>>>

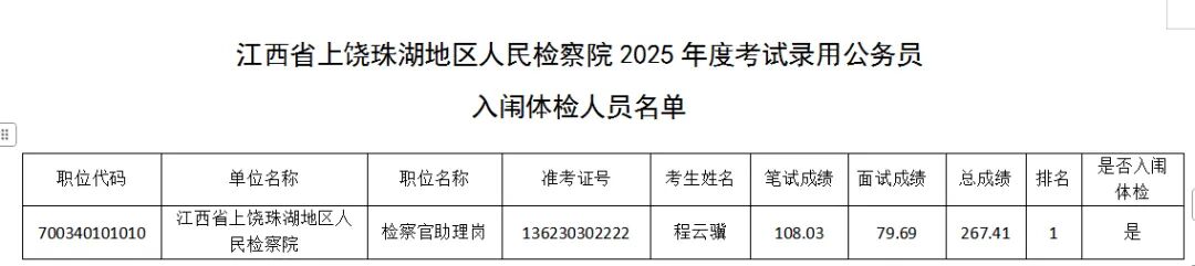 附件:江西省上饶珠湖地区人民检察院2025年度考试录用公务员入闱体检人员名单
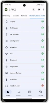 • Tests - test your device's functionalities like Display, Multitouch, Ear
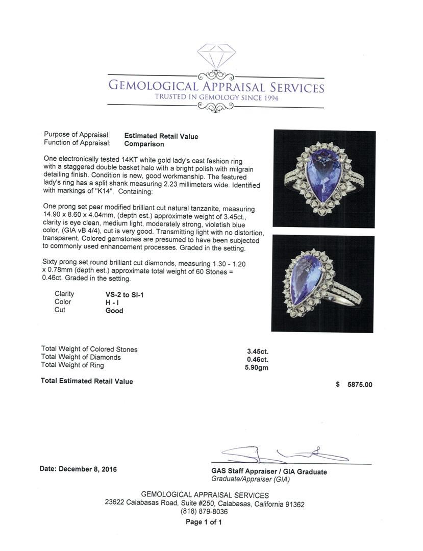 One electronically tested 14KT white gold lady's cast fashion ring with a staggered double basket halo with a bright polish with milgrain detailing finish. The featured lady's ring has a split shank measuring 2.23 millimeters wide. Identified with markings of 'K14'. Condition is new, good workmanship. Containing: One prong set pear modified brilliant cut natural tanzanite, measuring 14.90 x 8.60 x 4.04mm, (depth est.) approximate weight of 3.45ct., clarity is eye clean, medium light, moderately strong, violetish blue color, (GIA vB 4/4), cut is very good. Transmitting light with no distortion, transparent. Colored gemstones are presumed to have been subjected to commonly used enhancement processes. Graded in the setting. Sixty prong set round brilliant cut diamonds, measuring 1.30 - 1.20 x 0.78mm (depth est.) approximate total weight of 60 Stones = 0.46ct. Graded in the setting. Clarity VS-2 to SI-1. Color: H - I Cut Good. Total Weight of Colored Stones 3.45ct.. Total Weight of Diamonds 0.46ct.. Total Weight of Ring 5.90gm. GAS Appraised at $5,875.00.
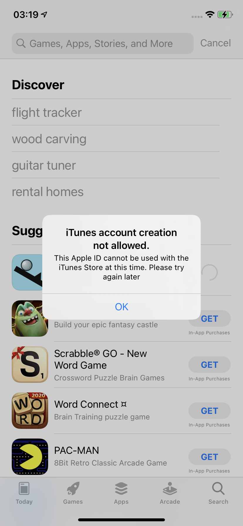 Is it possible to solve "iTunes account creation not allowed" problem?
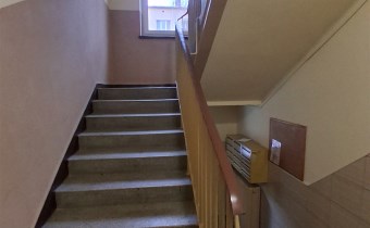 Klatka schodowa odmalowana, czysta. Wejście do klatki zabezpiecza domofon.
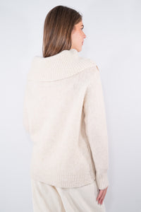 Maglia con collo a ciambella realizzata in misto lana. Un capo dal design avvolgente arricchito da motivo a rombi sul davanti. I filati lurex donano luce mentre il collo ampio e strutturato dona un tocco contemporaneo. Presenta costine su collo, polsi e fondo. Ideale per look raffinati dallo stile casual. Vestibilità morbida.
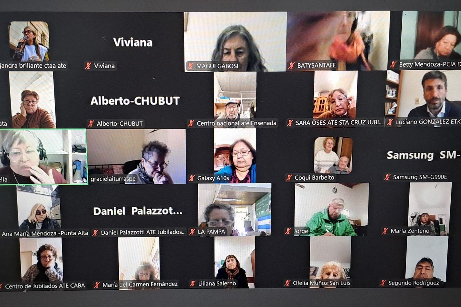 A través de un encuentro por Zoom realizado este lunes, el Centro Nacional de Trabajadores Jubilados y Pensionados (CNTJyP) de la Asociación Trabajadores del Estado (ATE), junto a centros de jubilados provinciales y municipales de todo el país, debatieron la crítica situación que atraviesa el sector pasivo en el contexto del ajuste impulsado por el Gobierno nacional.
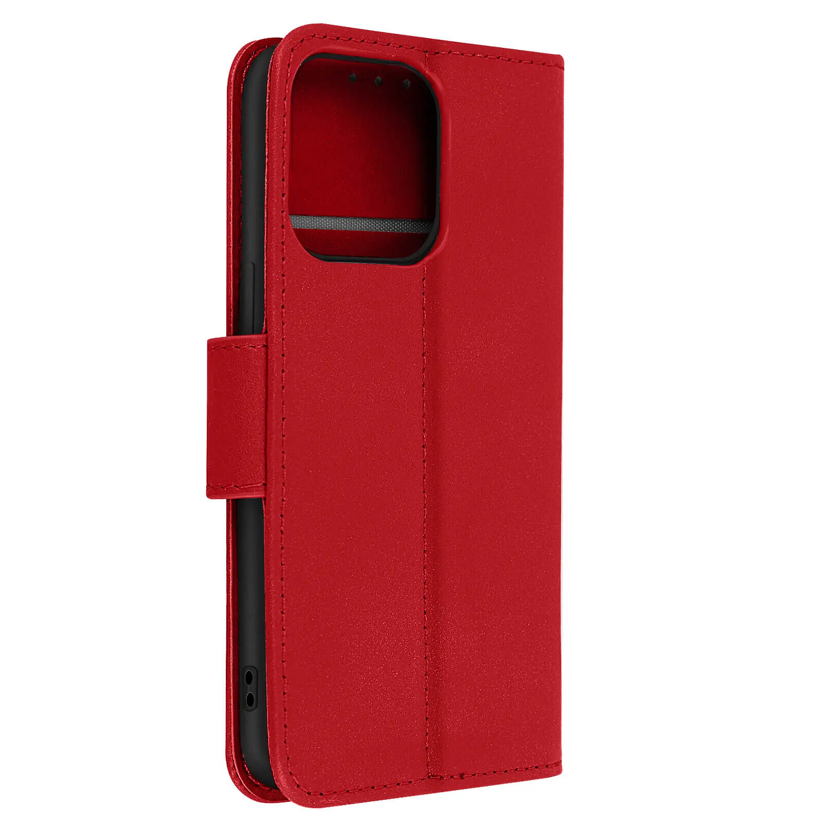 Cet étui portefeuille rouge pour iPhone 13 Pro est fabriqué en cuir véritable à surface lisse, souple et résistante. La coque interne absorbe les chocs et protège les bords du smartphone. Les surpiqûres ton sur ton renforcent la solidité du rabat et soulignent la finition soignée du cuir. L'intérieur intègre deux fentes pour cartes bancaires ou de transport, ainsi qu'un compartiment latéral pour billets.

<<<

= PROBLEM TO SOLVE =
Omit the pictures, then set down all the remaining data exactly as given.

= SOLUTION TO THIS EXERCISE =
 附件:江西省上饶珠湖地区人民检察院2025年度考试录用公务员入闱体检人员名单
 • Tests - test your device's functionalities like Display, Multitouch, Ear
 One electronically tested 14KT white gold lady's cast fashion ring with a staggered double basket halo with a bright polish with milgrain detailing finish. The featured lady's ring has a split shank measuring 2.23 millimeters wide. Identified with markings of 'K14'. Condition is new, good workmanship. Containing: One prong set pear modified brilliant cut natural tanzanite, measuring 14.90 x 8.60 x 4.04mm, (depth est.) approximate weight of 3.45ct., clarity is eye clean, medium light, moderately strong, violetish blue color, (GIA vB 4/4), cut is very good. Transmitting light with no distortion, transparent. Colored gemstones are presumed to have been subjected to commonly used enhancement processes. Graded in the setting. Sixty prong set round brilliant cut diamonds, measuring 1.30 - 1.20 x 0.78mm (depth est.) approximate total weight of 60 Stones = 0.46ct. Graded in the setting. Clarity VS-2 to SI-1. Color: H - I Cut Good. Total Weight of Colored Stones 3.45ct.. Total Weight of Diamonds 0.46ct.. Total Weight of Ring 5.90gm. GAS Appraised at $5,875.00.
 Is it possible to solve "iTunes account creation not allowed" problem?
 Klatka schodowa odmalowana, czysta. Wejście do klatki zabezpiecza domofon.
 Maglia con collo a ciambella realizzata in misto lana. Un capo dal design avvolgente arricchito da motivo a rombi sul davanti. I filati lurex donano luce mentre il collo ampio e strutturato dona un tocco contemporaneo. Presenta costine su collo, polsi e fondo. Ideale per look raffinati dallo stile casual. Vestibilità morbida.
 A través de un encuentro por Zoom realizado este lunes, el Centro Nacional de Trabajadores Jubilados y Pensionados (CNTJyP) de la Asociación Trabajadores del Estado (ATE), junto a centros de jubilados provinciales y municipales de todo el país, debatieron la crítica situación que atraviesa el sector pasivo en el contexto del ajuste impulsado por el Gobierno nacional.
 Cet étui portefeuille rouge pour iPhone 13 Pro est fabriqué en cuir véritable à surface lisse, souple et résistante. La coque interne absorbe les chocs et protège les bords du smartphone. Les surpiqûres ton sur ton renforcent la solidité du rabat et soulignent la finition soignée du cuir. L'intérieur intègre deux fentes pour cartes bancaires ou de transport, ainsi qu'un compartiment latéral pour billets.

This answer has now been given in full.